── INFORMATION SHOWN ──

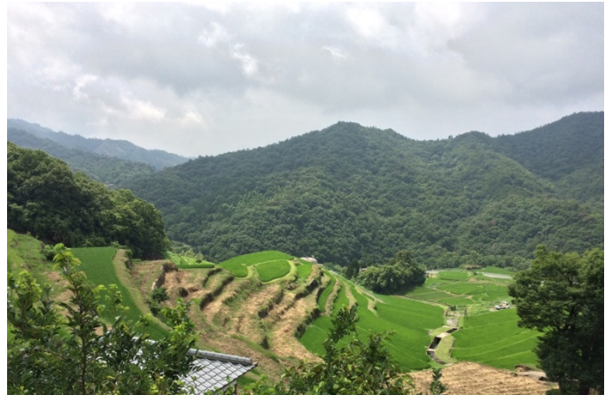
Special terrace field for agriculture
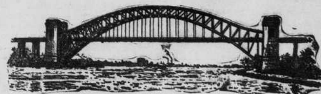
HELL GATE BRIDGE The connecting link in all-rail service between the Middle Atlantic States and New England and Canada

This will constitute the only direct all-rail through service to and from the Metropolis of Canada, making the Summer Resorts of the Province of Quebec more accessible, and bringing into still closer relationship the people of the two great American Countries
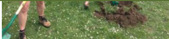
Community Garden ground breaking

Future plans include adding more trees and bushes next spring.
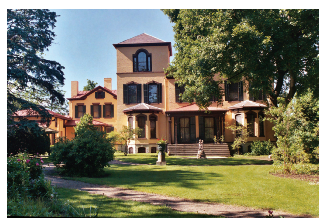
Figure 1-8. Seward House, Auburn, New York
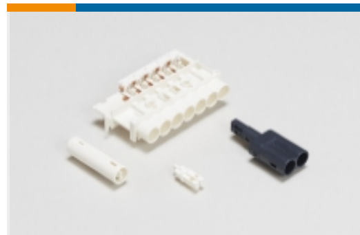
Plug & Socket Lighting Connectors(33)
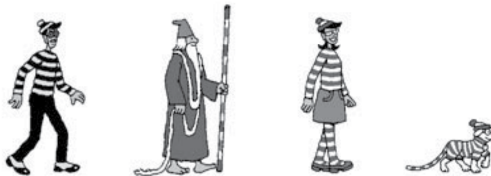
WHERE'S WALLY? WORDSEARCH
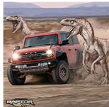
Ford Bronco Raptor
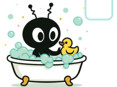
Play While Bathing
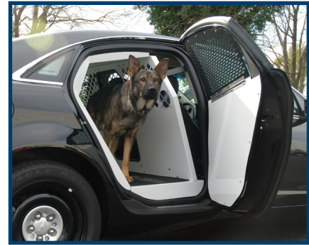
Chevrolet Caprice K9 Kit (Part # KK-K9-C22-K)
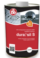
Durasil (5 L)
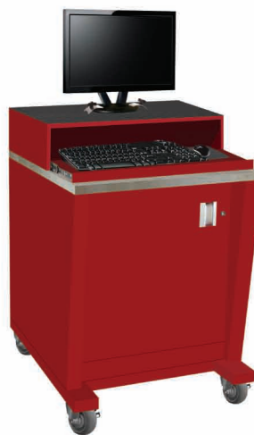
Model #791583 Portable Technology Center
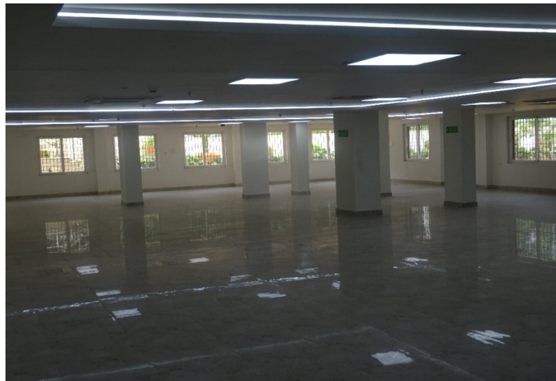
BANQUET HALL / DINING HALL
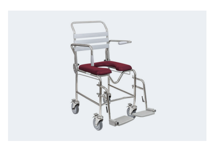
Juvo (Attendant Propelled)
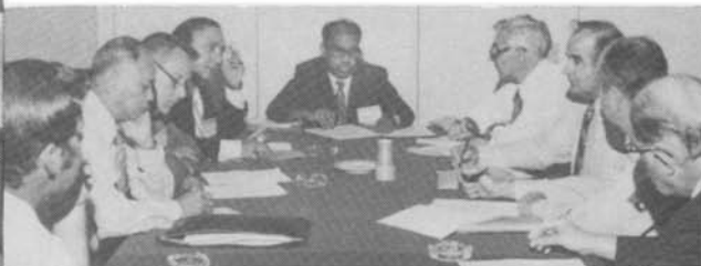
Local Sections Committee meeting
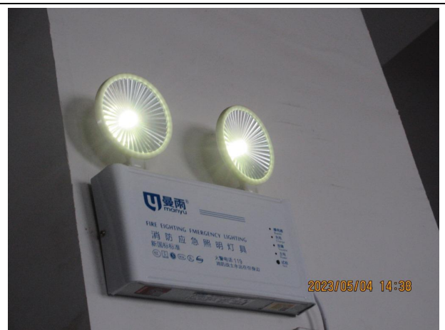
Emergency lighting testing
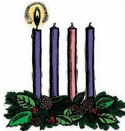
First Sunday in Advent

The blessing of the Advent Wreath marking the beginning of the liturgical season of Advent will take place next Saturday, December 2 at the 5:00 p.m. Mass. Advent has a two-fold nature: it prepares us for Christmas when we celebrate Christ’s first coming among us, and it is a time when we look forward to His second coming at the end of the ages. Advent is a season of joyful expectation. The growing light of the wreath, as the season progresses, signifies that Jesus whose birth we are commemorating, is the Light of the World.
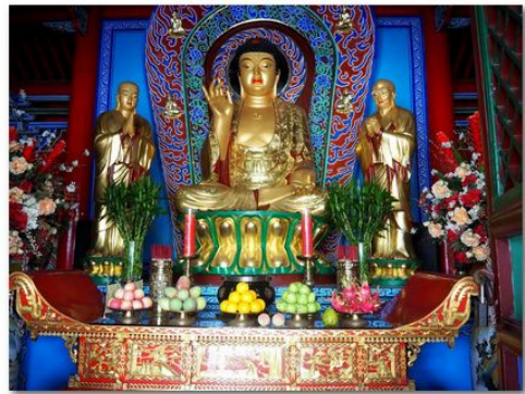
P8190415 Changan Temple
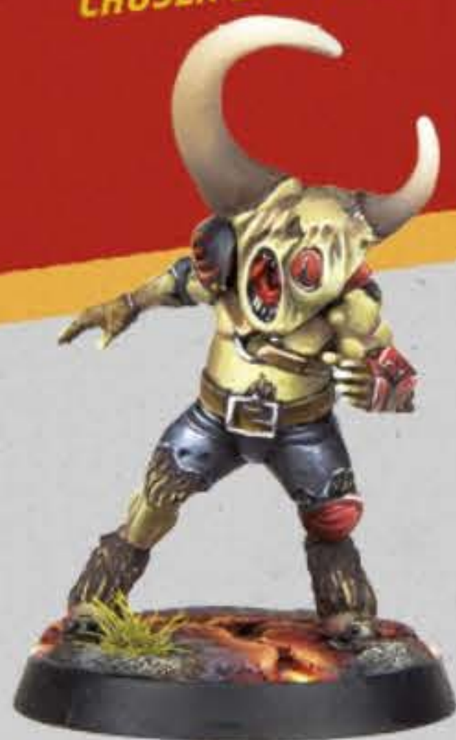
SKULLFACE MUTATED BEASTMAN PLAYER, DOOM LORDS
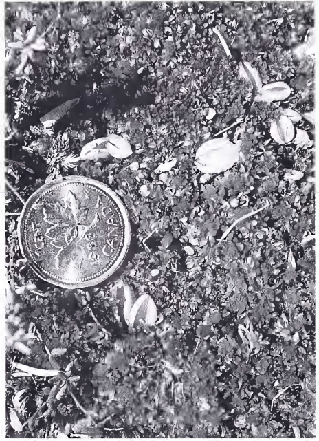
Rosettes with penny for size comparison

mately only a four month growing season. In its natural habitat, P. villosa does not put up its few leaves until late May, followed by flowers in late June. Dormancy and the accompanying hibernaculum formation is achieved by early August. The reason for the early dormancy is that even in the southern Yukon, frost frequently appears by the middle of August.
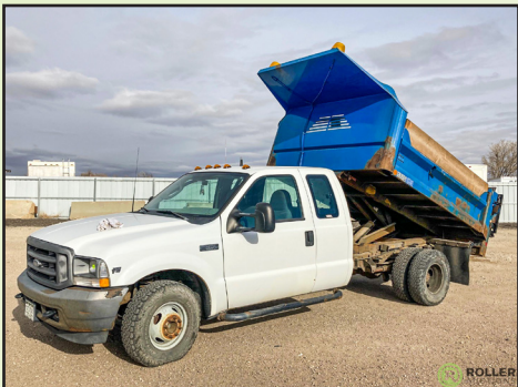
2003 FORD F350XL LANDSCAPE DUMP TRUCK
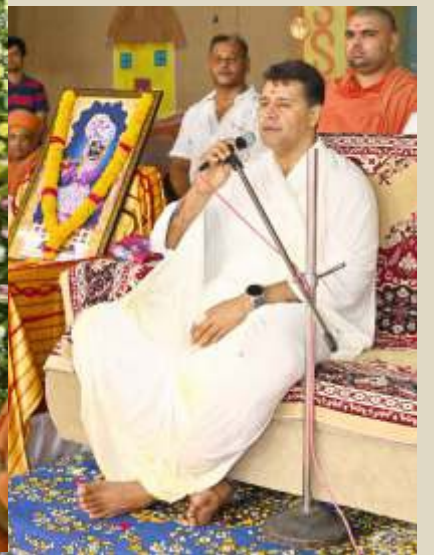
ધોળકા મંદિરના ૧૯૭ માં પાટોત્સવ પ્રસંગે ઠાકોરજીની આરતી ઉતારતા અને સભામાં આશીર્વાદ આપતા પ.પૂ.આચાર્ય મહારાજશ્રી
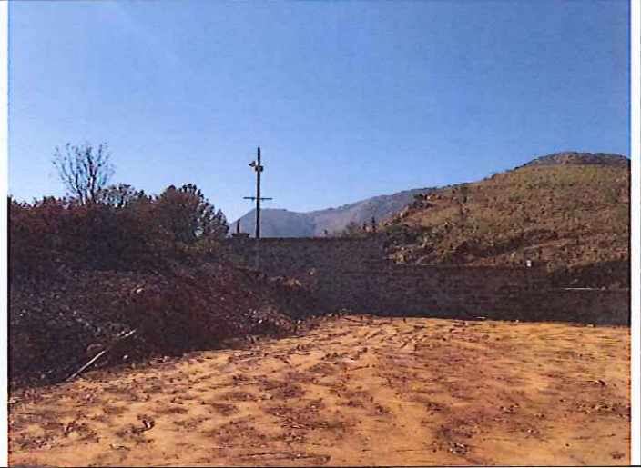
Looking south east towards boundary wall and R24
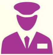
Trained Security Guards
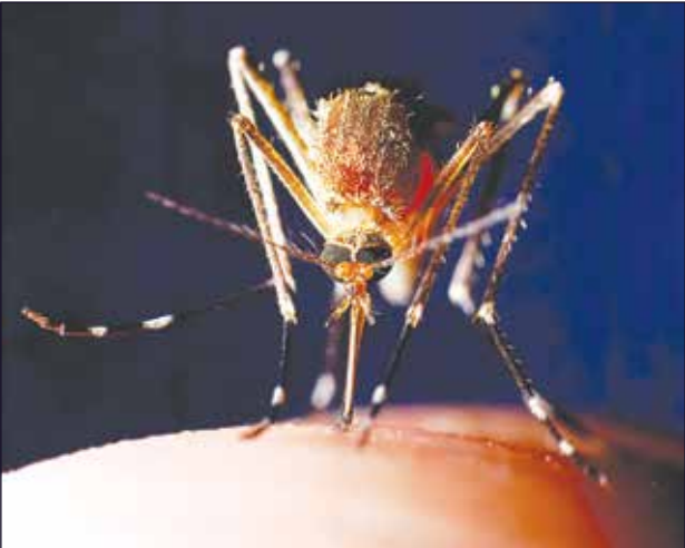
West Nile virus activity in the state is increasing, so it is important to take every possible precaution to protect against mosquito bites.

West Nile virus is influenced by many factors, including climate, the number and types of birds and
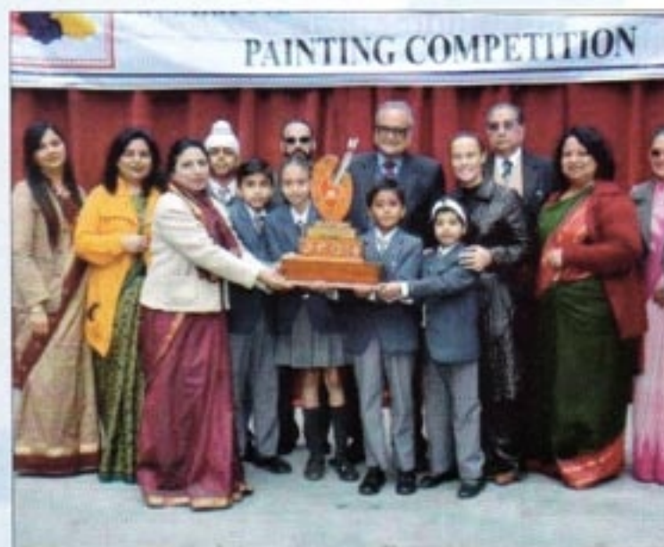
SMS Meera Bagh with the Junior Level Trophy
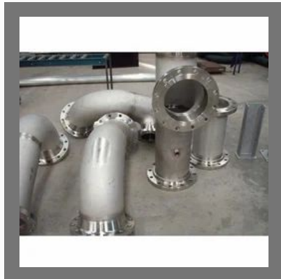
Pipe Fabrication Service
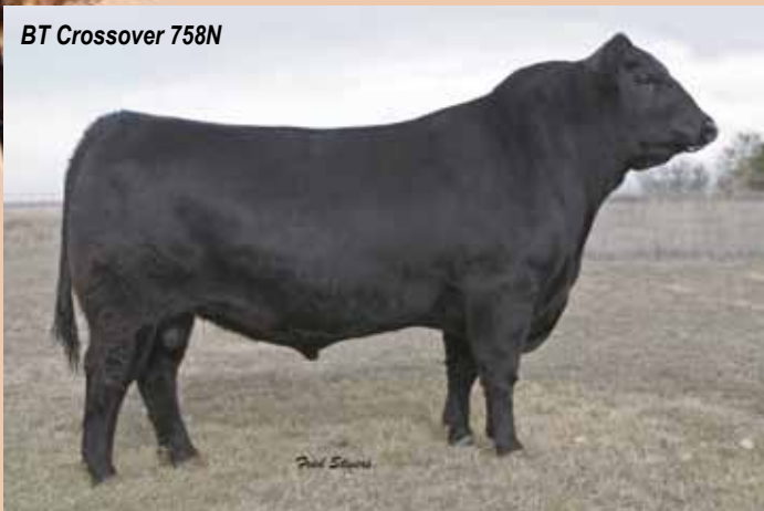
BT Crossover 758N
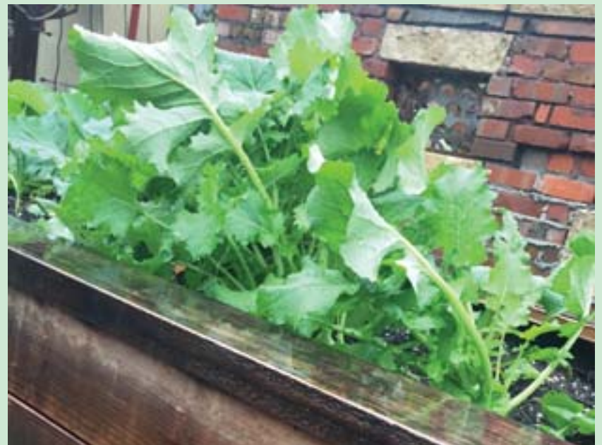
Raised beds with edible greens and lettuces.
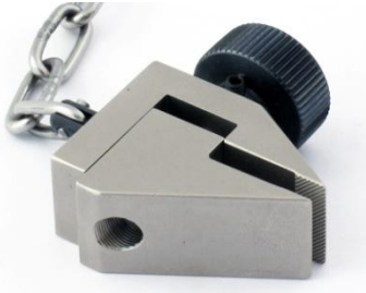
G341-15 special design clamping surface 15mm wide
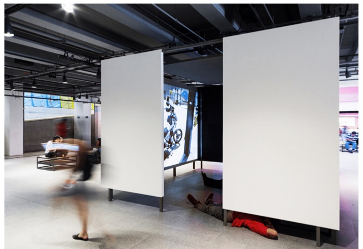
São Paulo Architecture Biennial - São Paulo, Brazil
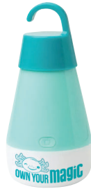
Mood Mixer Light
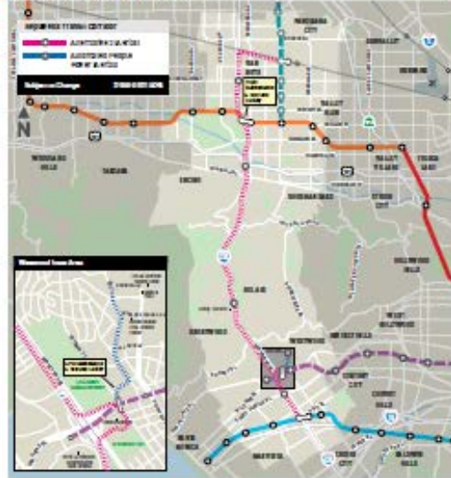
Alternative 2 (Monorail)
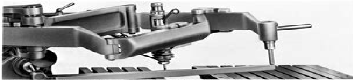
Fig 4 Aligning cutter and tracer pin with straightedge attachment
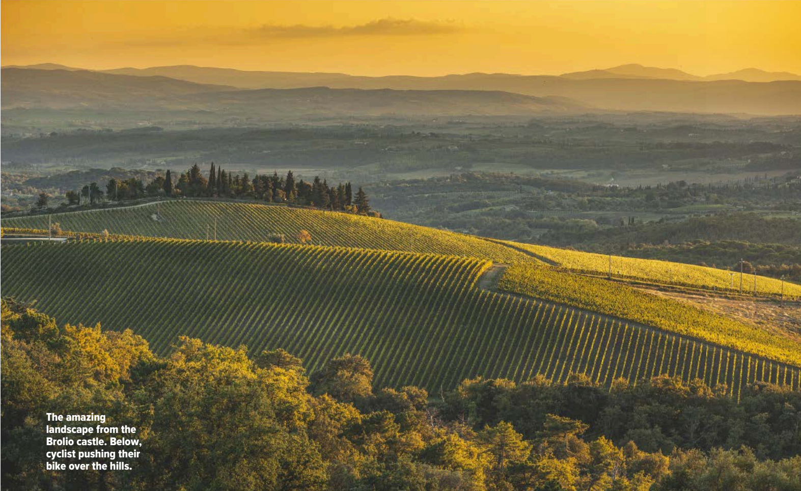
The amazing landscape from the Brolio castle. Below, cyclist pushing their bike over the hills.
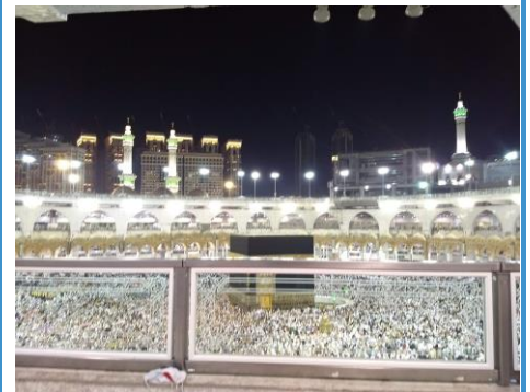
Hajj Tawaf 2018 11 th Annual Hajj Reunion

Jumada Al Awwal was called so because of freezing of water in this phase. It is also a very significant month because the Holy Prophet (PBUH) married His first wife, Hadrat Kadijah (R.A) in it. The Grandfather of Rasulullah (PBUH), Abdul Muttalib, who took great care of him, also died at this time of the year. (Editor's note: Months of the Hijri calendar move through seasons.)
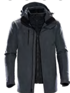
ZIP-IN/ ZIP-OUT LINER
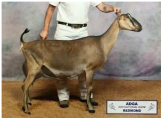
SGCH Love Acres STE Almondine 7*M
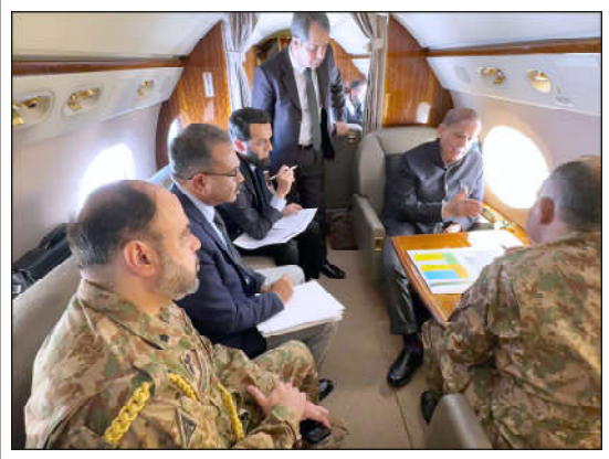
GWADAR: Prime Minister Muhammad Shehbaz Sharif being briefed regarding the damages caused by the recent torrential rains and the relief and rescue operations carried out by the local authorities in Gwadar.

monumental and unending sufferings imposed on the Palestinian people in Gaza," Ambassador Akram said. "This situation has resulted in the colossal loss of lives and wanton destruction of homes, schools, hospitals and religious sites in Gaza, due to the incessant attacks by the Israeli occupying power on the territory." At the same time, Ambassador Akram warned against the looming risk of widespread starvation in Gaza due to insufficient food supplies and essential services, as he reiterated the call for a ceasefire to allow humanitarian supplies into Gaza. "Notwithstanding the foregoing efforts by the various actors within the United Nations as well as members of the international community, there are ominous signs of even greater dangers ahead," he noted, referring to In UNRWA's report on the impact of Israel's recent calls to dismantle the agency and for donors to freeze their funding to it. In this regard, he said there was an imminent threat of mass starvation in the Gaza Strip, due to inadequate food supplies and essential services for the teeming number of Palestinian in the occupied Palestinian territory.
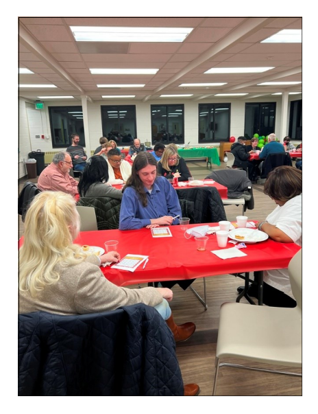
Lots of prizes were given out as people won their Bingo games and everyone had lots of fun!
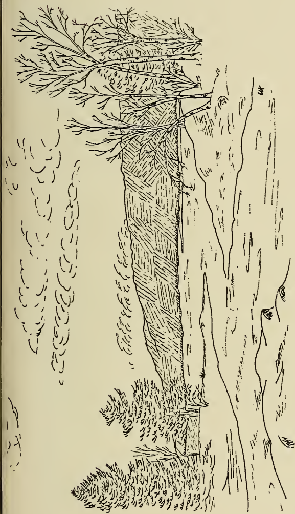
Deering Lake from The Dam
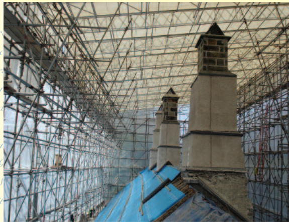
Sizergh Castle roof repairs

The practice has recently been awarded a number of prestigious awards for its work, including winner of the Georgian Group Award for Restoration of a Georgian Church, winners of the Natural Stone Award for use of stone, RIBA Design Award for Blaenavan World Heritage Centre and Civic Trust Award for Wentworth Castle.
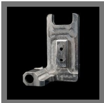
VMC Milling Machine Job Work
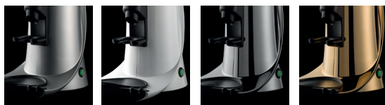
GREY METALLIC SILVER SNOW WHITE CHROME SILVER CHROME GOLD.
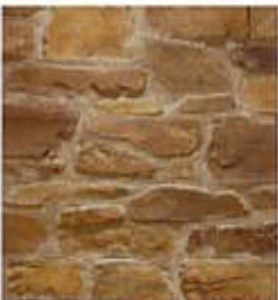
VENETO | Field Ledge
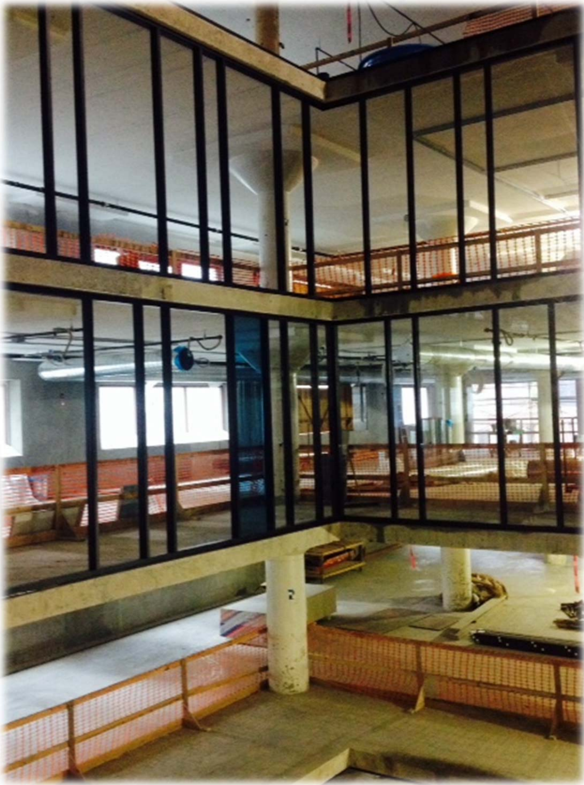
Figure 4: Mock atrium glass enclosure on Level 6 & 7.
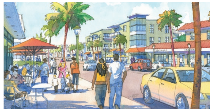
Sistrunk Boulevard Urban Design Improvement Plan Rendering

───

- PROBLEM DESCRIPTION: Copy the records above from the first line through the line containing "HELL GATE BRIDGE", both included, and leave out any pictures.

- ANSWER FOR THIS EXERCISE:
Special terrace field for agriculture
HELL GATE BRIDGE The connecting link in all-rail service between the Middle Atlantic States and New England and Canada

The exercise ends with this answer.